◆ Activity
Copy out the entire listing below exactly, but without its pictures.

(Beginning of Supplied information)

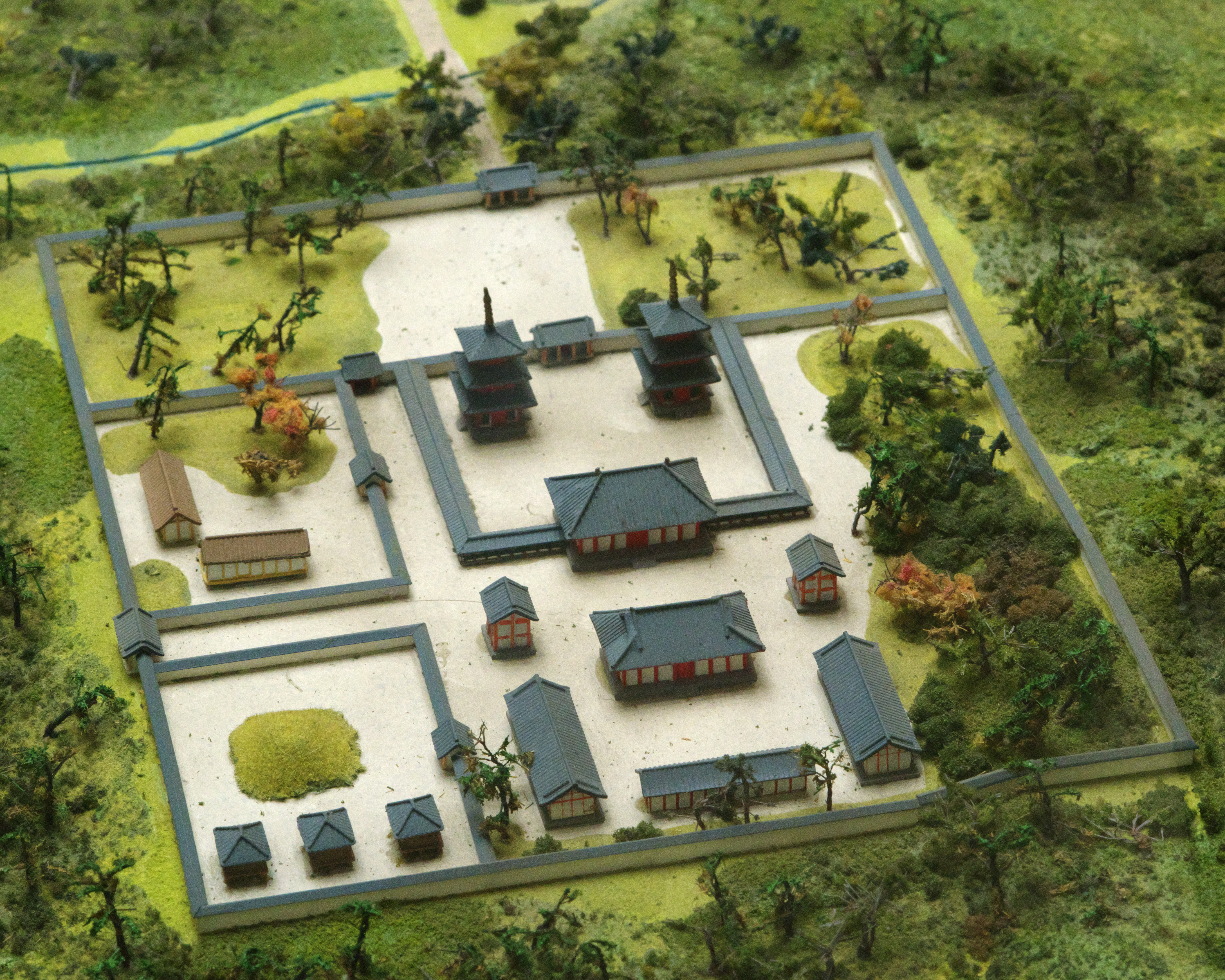 A model of Akishinodera near Heijokyo viewed from north
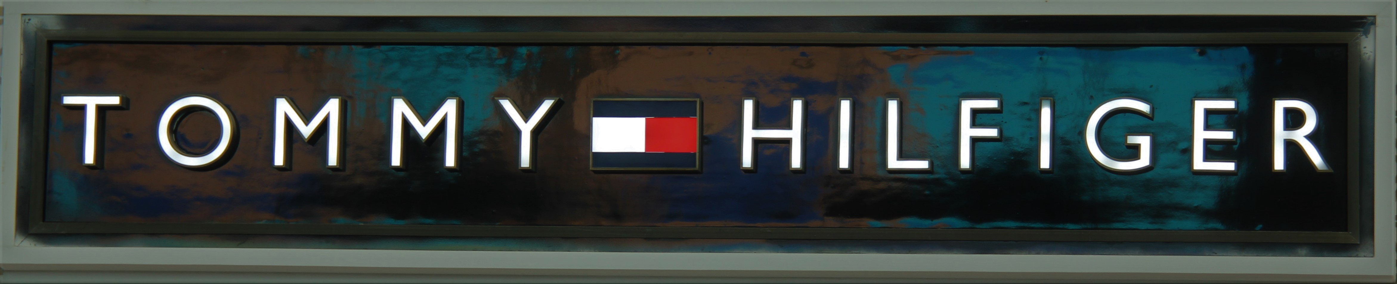 Tommy Hilfiger signage and logo at its store at Delhi airport.
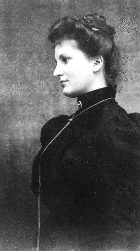 Alma Mahler-Werfel née Schindler (1899 or earlier)

(End of Supplied information)

◆ Response
 A model of Akishinodera near Heijokyo viewed from north
 Tommy Hilfiger signage and logo at its store at Delhi airport.
 Alma Mahler-Werfel née Schindler (1899 or earlier)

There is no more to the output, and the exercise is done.